## GIVEN ENTRIES
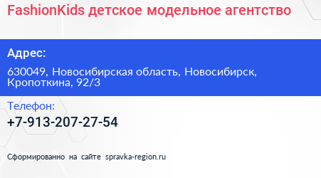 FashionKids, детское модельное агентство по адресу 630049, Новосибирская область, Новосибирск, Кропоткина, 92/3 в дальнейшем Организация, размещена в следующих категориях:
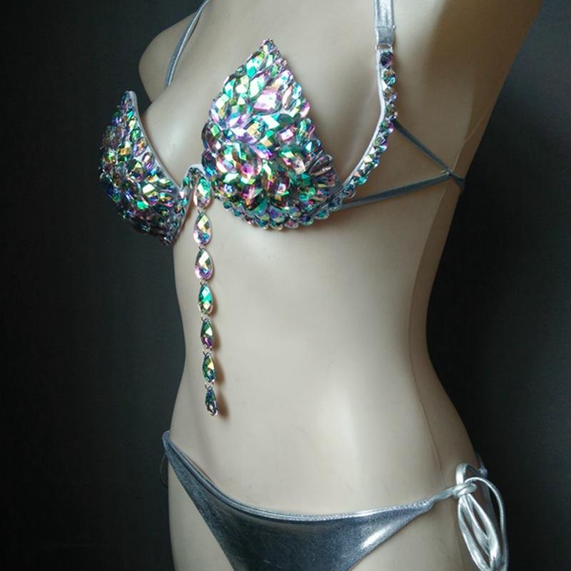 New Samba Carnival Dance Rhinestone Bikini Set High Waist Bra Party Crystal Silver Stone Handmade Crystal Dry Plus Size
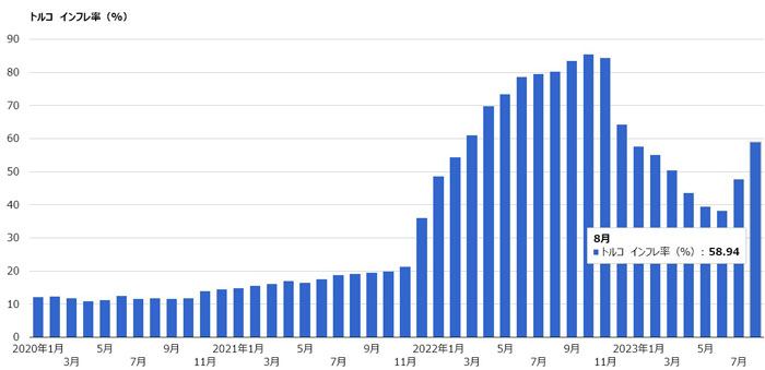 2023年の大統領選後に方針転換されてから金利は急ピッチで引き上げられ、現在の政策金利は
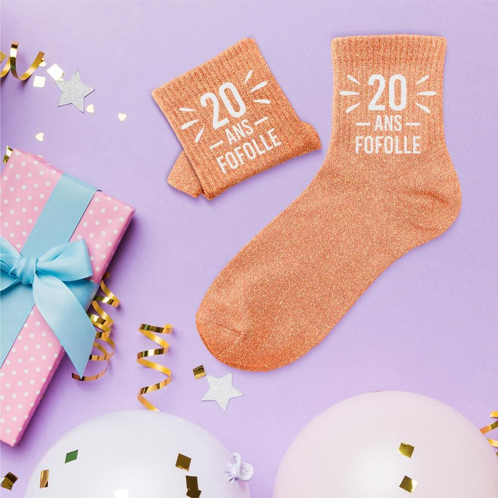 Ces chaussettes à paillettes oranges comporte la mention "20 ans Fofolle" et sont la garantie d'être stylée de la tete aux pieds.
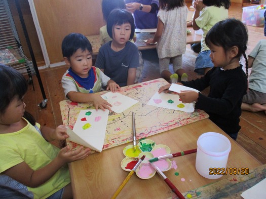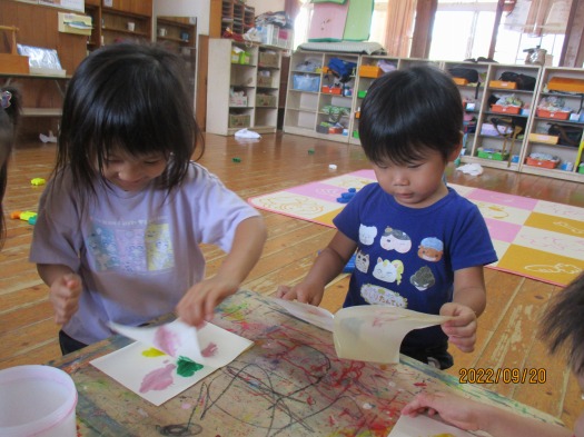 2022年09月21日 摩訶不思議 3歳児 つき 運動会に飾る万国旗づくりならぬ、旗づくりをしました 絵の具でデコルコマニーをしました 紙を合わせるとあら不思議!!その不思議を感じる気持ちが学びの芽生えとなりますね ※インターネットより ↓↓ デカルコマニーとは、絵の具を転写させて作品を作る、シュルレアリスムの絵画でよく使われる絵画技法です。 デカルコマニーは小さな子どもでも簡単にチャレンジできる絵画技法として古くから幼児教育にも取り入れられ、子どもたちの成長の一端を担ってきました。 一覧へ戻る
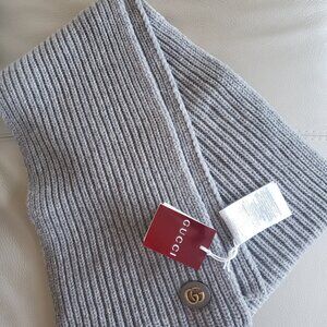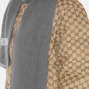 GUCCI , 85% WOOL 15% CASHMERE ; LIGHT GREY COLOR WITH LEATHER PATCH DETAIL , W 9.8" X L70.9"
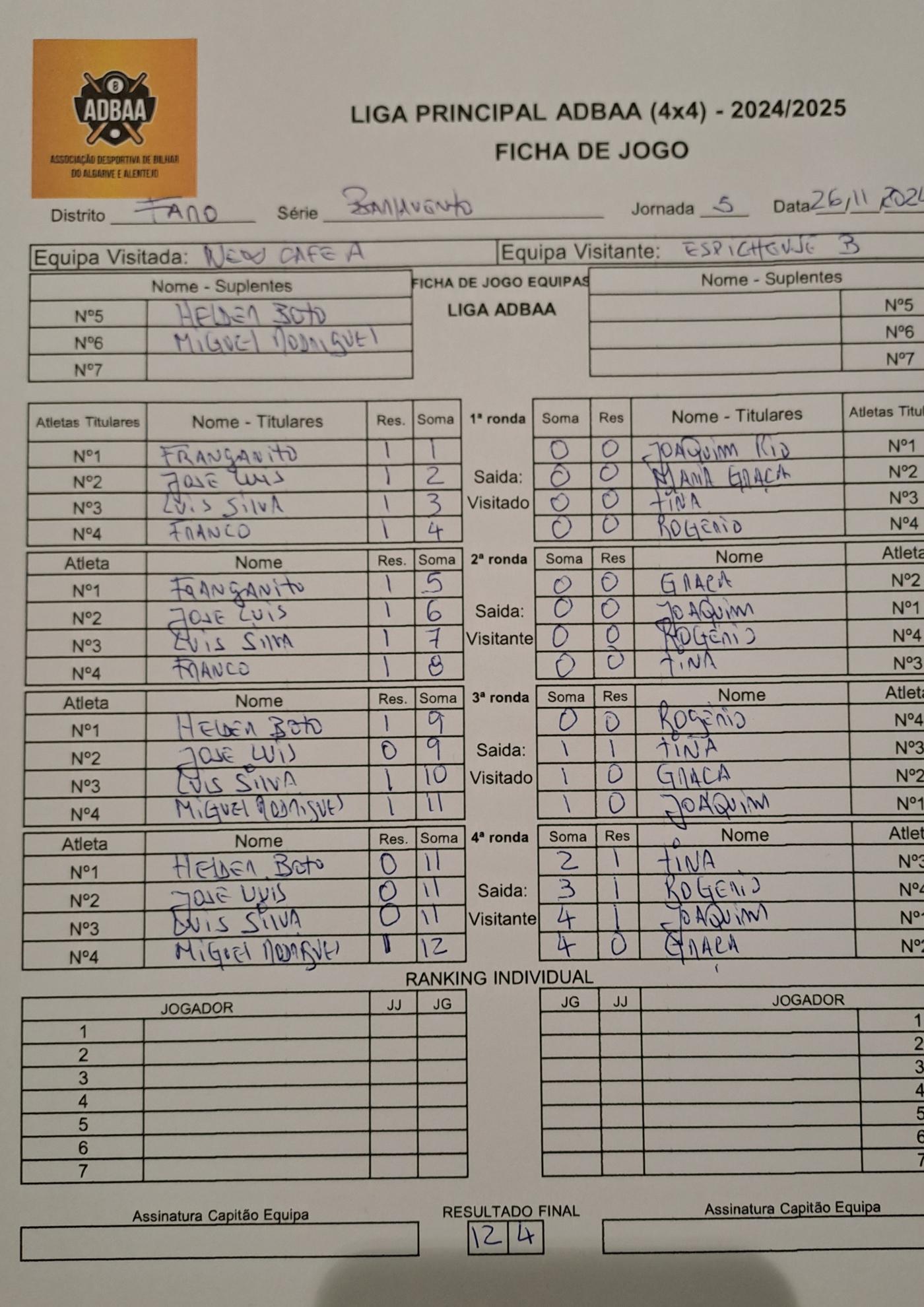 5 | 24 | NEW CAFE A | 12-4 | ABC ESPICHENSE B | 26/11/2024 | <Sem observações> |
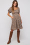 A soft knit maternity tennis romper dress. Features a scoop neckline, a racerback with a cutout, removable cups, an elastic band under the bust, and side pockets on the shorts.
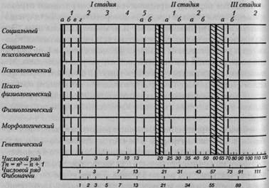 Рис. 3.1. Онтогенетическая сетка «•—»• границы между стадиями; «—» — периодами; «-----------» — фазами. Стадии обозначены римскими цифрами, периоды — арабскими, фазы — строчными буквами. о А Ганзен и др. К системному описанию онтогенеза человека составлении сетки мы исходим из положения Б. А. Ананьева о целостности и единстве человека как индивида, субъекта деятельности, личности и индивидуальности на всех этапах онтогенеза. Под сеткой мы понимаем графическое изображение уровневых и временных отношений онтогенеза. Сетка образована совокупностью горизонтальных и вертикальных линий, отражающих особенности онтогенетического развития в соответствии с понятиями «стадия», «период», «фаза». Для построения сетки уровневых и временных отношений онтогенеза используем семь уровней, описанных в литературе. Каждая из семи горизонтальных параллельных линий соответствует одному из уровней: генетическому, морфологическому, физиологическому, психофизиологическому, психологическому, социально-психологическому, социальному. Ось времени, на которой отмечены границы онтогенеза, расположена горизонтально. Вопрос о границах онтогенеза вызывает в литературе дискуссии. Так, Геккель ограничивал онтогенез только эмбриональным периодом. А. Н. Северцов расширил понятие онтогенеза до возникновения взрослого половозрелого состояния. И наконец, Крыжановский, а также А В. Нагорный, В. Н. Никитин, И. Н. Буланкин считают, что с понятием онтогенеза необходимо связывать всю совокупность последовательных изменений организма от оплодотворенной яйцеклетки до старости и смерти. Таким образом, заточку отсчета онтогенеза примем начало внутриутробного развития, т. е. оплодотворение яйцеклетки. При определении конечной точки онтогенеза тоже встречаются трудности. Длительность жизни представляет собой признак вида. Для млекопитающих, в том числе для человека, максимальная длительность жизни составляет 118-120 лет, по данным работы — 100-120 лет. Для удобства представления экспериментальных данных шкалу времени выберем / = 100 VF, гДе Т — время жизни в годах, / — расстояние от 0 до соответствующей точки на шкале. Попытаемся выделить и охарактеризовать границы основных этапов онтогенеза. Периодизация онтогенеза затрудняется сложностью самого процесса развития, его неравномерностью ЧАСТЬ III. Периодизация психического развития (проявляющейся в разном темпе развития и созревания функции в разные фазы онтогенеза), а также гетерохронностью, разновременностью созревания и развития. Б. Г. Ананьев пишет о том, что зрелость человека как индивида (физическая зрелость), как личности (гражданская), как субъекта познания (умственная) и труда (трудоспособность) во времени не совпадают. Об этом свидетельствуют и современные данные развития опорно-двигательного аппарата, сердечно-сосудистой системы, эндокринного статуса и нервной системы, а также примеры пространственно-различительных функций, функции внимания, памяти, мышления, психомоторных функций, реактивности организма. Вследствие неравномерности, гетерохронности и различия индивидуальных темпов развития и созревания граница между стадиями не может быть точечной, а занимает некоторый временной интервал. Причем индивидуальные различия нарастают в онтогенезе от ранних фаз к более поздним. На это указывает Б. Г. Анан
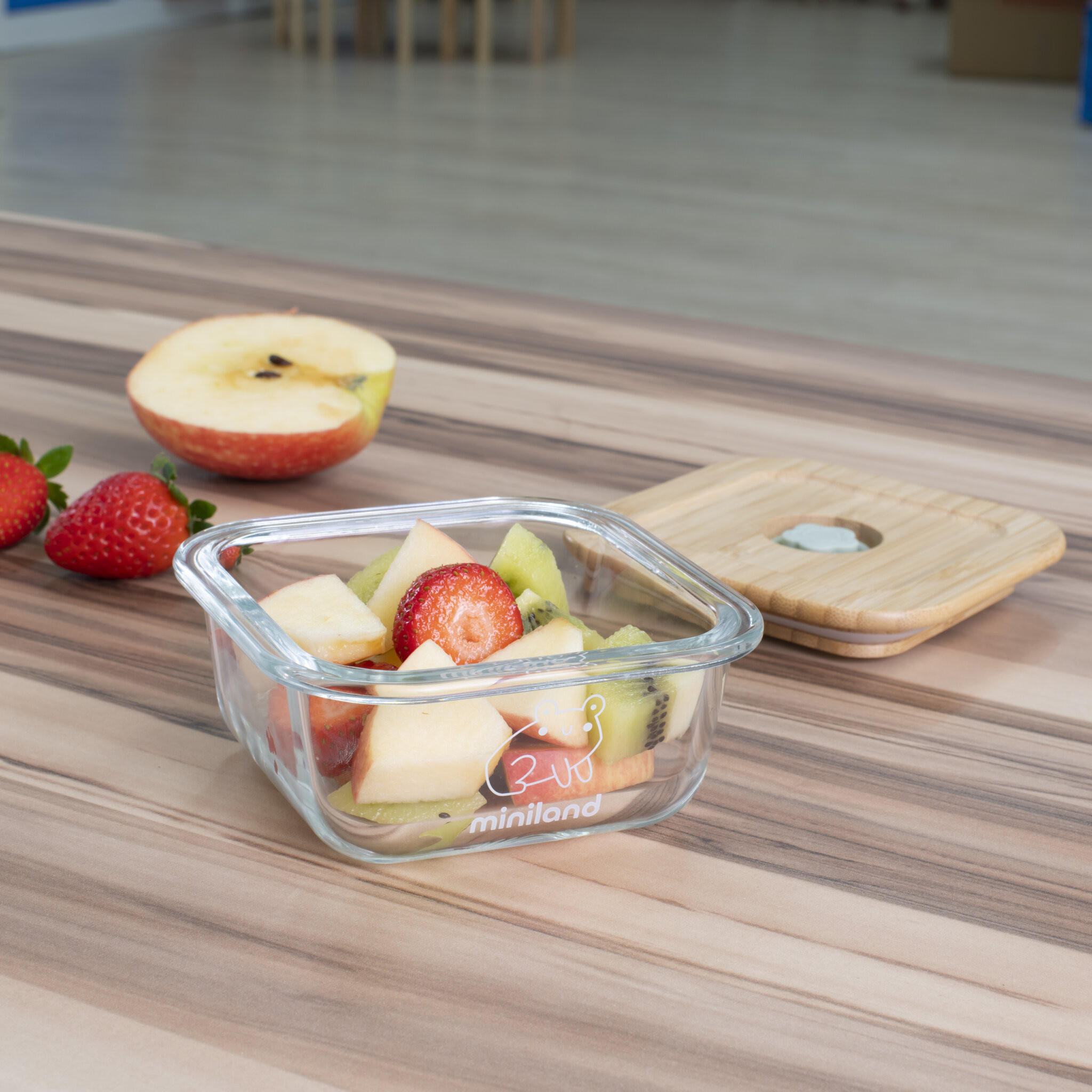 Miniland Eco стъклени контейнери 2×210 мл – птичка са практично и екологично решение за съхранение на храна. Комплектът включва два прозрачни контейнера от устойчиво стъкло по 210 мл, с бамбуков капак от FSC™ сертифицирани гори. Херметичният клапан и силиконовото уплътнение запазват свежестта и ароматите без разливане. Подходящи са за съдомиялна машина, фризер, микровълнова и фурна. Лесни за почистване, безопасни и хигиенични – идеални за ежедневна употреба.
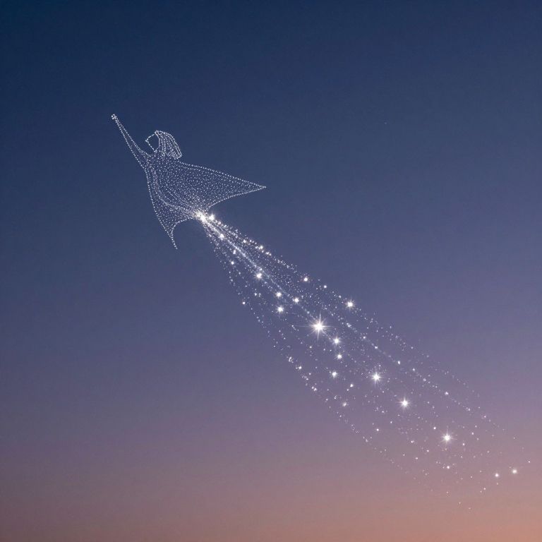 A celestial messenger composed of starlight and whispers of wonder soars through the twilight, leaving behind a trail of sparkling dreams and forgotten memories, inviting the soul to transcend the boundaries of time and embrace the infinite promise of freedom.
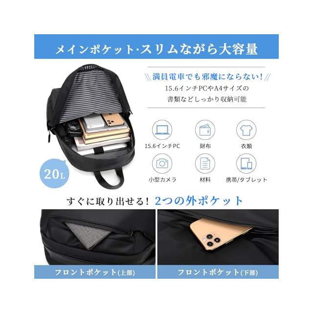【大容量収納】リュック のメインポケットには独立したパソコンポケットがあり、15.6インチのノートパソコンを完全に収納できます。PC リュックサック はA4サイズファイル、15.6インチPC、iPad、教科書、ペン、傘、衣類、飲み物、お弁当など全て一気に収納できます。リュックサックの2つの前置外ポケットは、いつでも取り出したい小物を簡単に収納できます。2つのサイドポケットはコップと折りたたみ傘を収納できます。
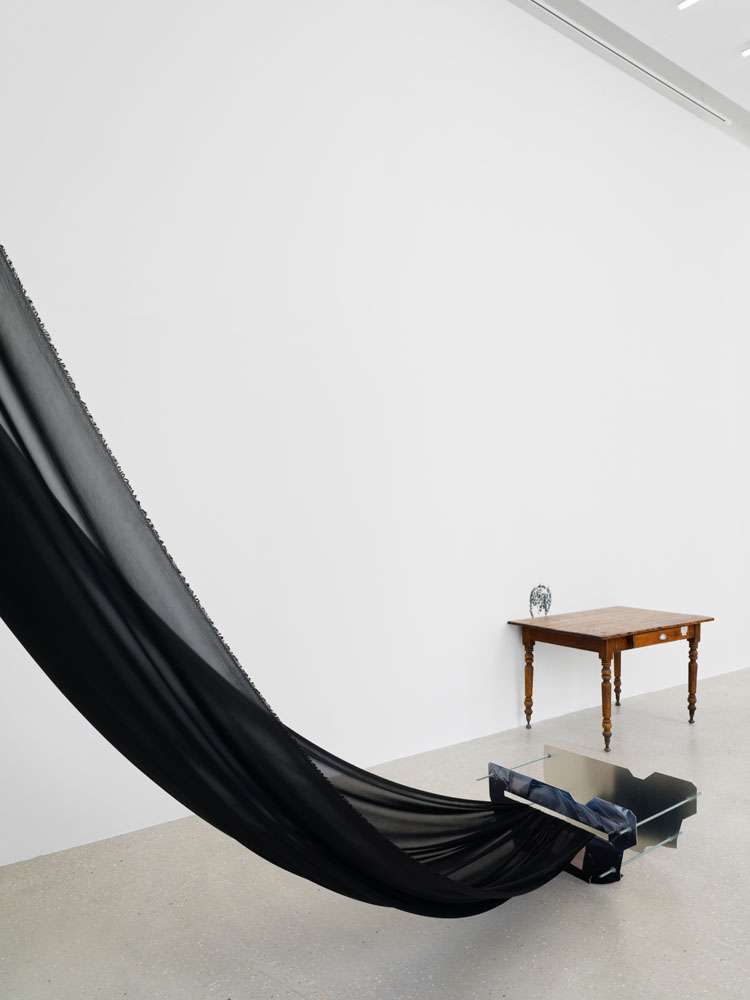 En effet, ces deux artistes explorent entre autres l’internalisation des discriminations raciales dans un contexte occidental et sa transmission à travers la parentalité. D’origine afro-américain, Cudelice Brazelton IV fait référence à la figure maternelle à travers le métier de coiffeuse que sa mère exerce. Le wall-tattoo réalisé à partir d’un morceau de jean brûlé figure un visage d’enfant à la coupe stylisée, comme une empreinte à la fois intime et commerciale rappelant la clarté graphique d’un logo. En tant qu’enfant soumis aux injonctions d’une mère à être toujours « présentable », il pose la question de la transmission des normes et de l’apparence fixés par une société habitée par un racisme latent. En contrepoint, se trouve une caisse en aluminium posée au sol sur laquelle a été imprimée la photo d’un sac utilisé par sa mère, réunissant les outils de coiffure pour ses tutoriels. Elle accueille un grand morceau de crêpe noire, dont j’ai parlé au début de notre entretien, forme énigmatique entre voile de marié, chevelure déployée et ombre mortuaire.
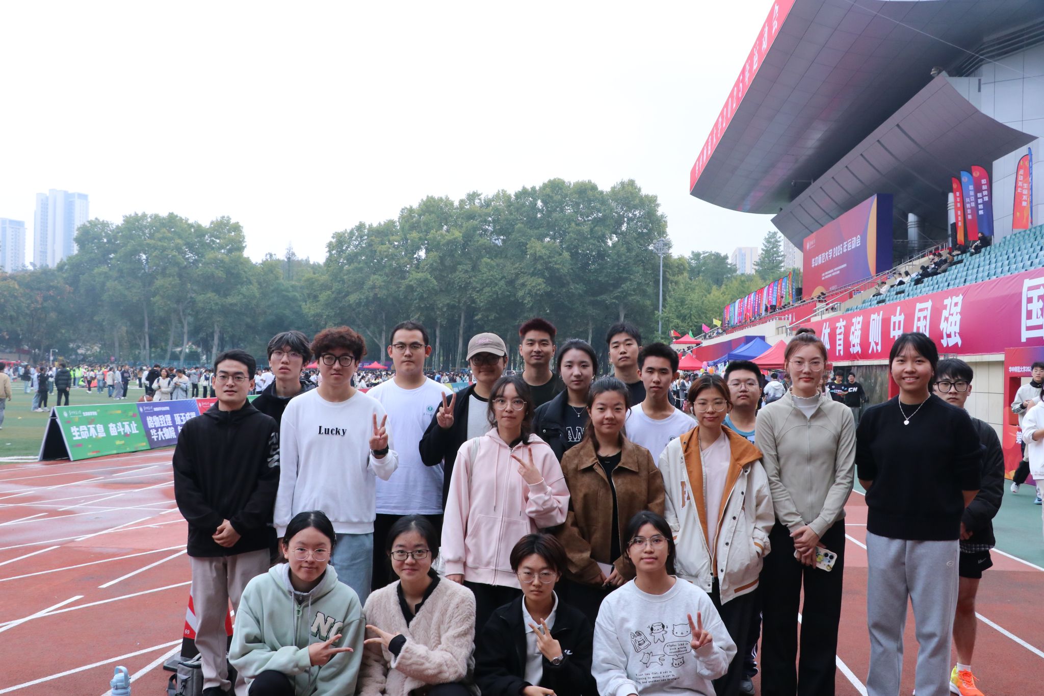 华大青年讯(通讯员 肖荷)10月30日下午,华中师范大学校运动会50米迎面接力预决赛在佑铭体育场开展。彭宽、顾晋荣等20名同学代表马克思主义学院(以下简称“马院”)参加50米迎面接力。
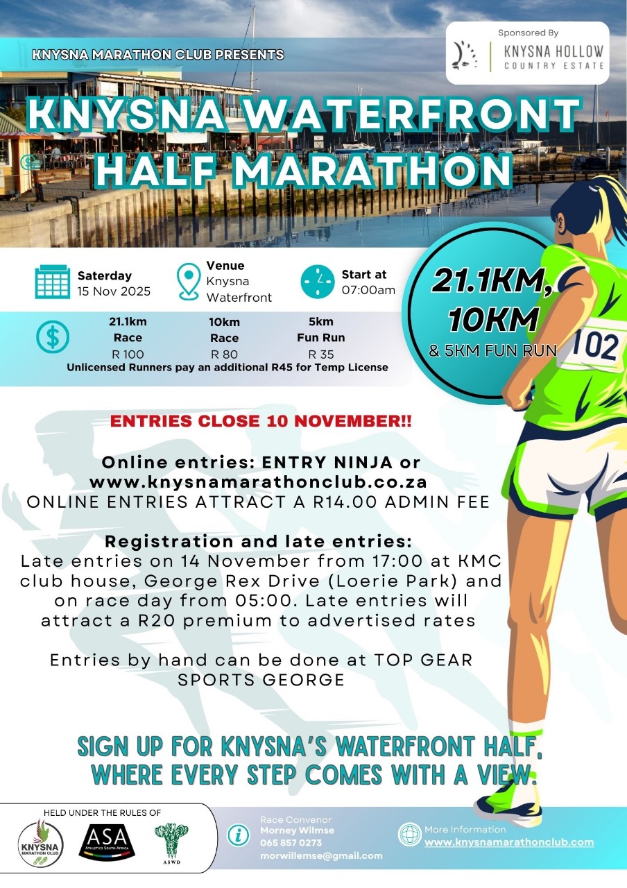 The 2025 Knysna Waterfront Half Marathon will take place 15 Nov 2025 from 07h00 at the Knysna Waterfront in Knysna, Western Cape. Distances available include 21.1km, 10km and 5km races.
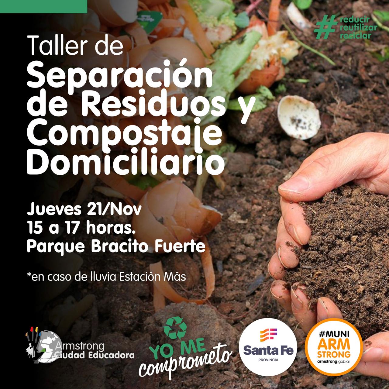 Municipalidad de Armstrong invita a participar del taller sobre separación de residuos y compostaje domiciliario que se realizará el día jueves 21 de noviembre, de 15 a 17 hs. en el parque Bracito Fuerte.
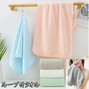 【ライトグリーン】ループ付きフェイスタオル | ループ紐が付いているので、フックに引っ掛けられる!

## PROBLEM DETAILS
Would you set down only the lines above from the line with "New Samba Carnival" to the line with "A soft knit", both included, exactly as they stand and without the pictures?

## SOLUTION TO THIS TASK
 New Samba Carnival Dance Rhinestone Bikini Set High Waist Bra Party Crystal Silver Stone Handmade Crystal Dry Plus Size
 2023年の大統領選後に方針転換されてから金利は急ピッチで引き上げられ、現在の政策金利は
 Ces chaussettes à paillettes oranges comporte la mention "20 ans Fofolle" et sont la garantie d'être stylée de la tete aux pieds.
 2022年09月21日 摩訶不思議 3歳児 つき 運動会に飾る万国旗づくりならぬ、旗づくりをしました 絵の具でデコルコマニーをしました 紙を合わせるとあら不思議!!その不思議を感じる気持ちが学びの芽生えとなりますね ※インターネットより ↓↓ デカルコマニーとは、絵の具を転写させて作品を作る、シュルレアリスムの絵画でよく使われる絵画技法です。 デカルコマニーは小さな子どもでも簡単にチャレンジできる絵画技法として古くから幼児教育にも取り入れられ、子どもたちの成長の一端を担ってきました。 一覧へ戻る
 GUCCI , 85% WOOL 15% CASHMERE ; LIGHT GREY COLOR WITH LEATHER PATCH DETAIL , W 9.8" X L70.9"
 5 | 24 | NEW CAFE A | 12-4 | ABC ESPICHENSE B | 26/11/2024 | <Sem observações> |
 A soft knit maternity tennis romper dress. Features a scoop neckline, a racerback with a cutout, removable cups, an elastic band under the bust, and side pockets on the shorts.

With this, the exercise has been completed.